July 17 – Happy Birthday, Angela Merkel

Posted on July 17, 2018

Today's famous birthday has been called "the Leader of the Free World."

First - wow! A woman is the "Leader of the Free World"?

That's very cool!

Second - what does "Leader of the Free World" even mean?


Well, during the Cold War (the hostile-but-not-actually-fighting-battles relationship between the Soviet bloc countries and the U.S.-led Western powers, from 1945 to 1990), people used to say that the American president, whoever it was at the time, was the Leader of the Free World.

But when Donald Trump was elected to the presidency, he was so unpopular at home and abroad, so vigorously protested and resisted by so many, many political observers pointed out that he had abdicated the informal title of Leader of the Free World. These commenters have gone on to say that the Chancellor of Germany, Angela Merkel, who is the de facto leader of the European Union, was now the Leader of the Free World.



Angela Merkel knows something about freedom, because, although she was born on this date in 1954 in what was then West Germany, when she was just three months old her parents moved her to East Germany. She grew up behind the "Iron Curtain," which means that the Soviet Union put into place a communist regime and continued to wield influence on the nation.

Merkel has said that the building of the Berlin Wall, when she was just 7 years old, was her first political memory. She has talked about people being stunned to see the wall, which was thrown up around the West German portion of Berlin overnight. Adults - including her parents - cried. 

You see, West Berlin was a bit of democracy in the Soviet-controlled nation, a way for East Germans to escape to freedom. That West Berlin was used as an escape hatch or loophole is of course exactly why that wall was built. Note that the wall was meant to keep citizens in, it was not meant to keep foreigners out.

Merkel's upbringing in a Soviet-bloc nation meant that she was mandated to study the Russian language and was heavily pressured to join the official communist youth movement. However, she resisted some of the dictates of the ruling culture, participating in religious practices, for example, and helping with a student-run project.

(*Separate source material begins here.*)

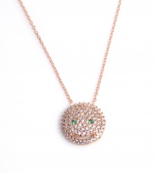 925 Ayar Gümüş Gülen Yüz Kolye, Pembe - Beyaz Yeşil Taş

Merkel studied physics in university was awarded a doctorate for her work in quantum chemistry. She worked as a scientific researcher and published several papers, but she turned down a professorship job she wanted because it would have involved spying on her colleagues for the government.

When the Berlin Wall came down in late 1989 inspired Merkel to get involved in politics, as she joined the democracy movement and then became the deputy spokesperson for the government that was put into place by East Germany's first and last free, multi-party election. Soon East Germany and West Germany were unified into one nation, in 1990.



In the first federal election after reunification, Merkel was voted into parliament. She became chancellor when her party formed a coalition with another party in order to form a viable government, and the majority of delegates of the two parties chose her to lead. That was in 2005. She's headed Germany, and to some extent Europe and even the world, ever since.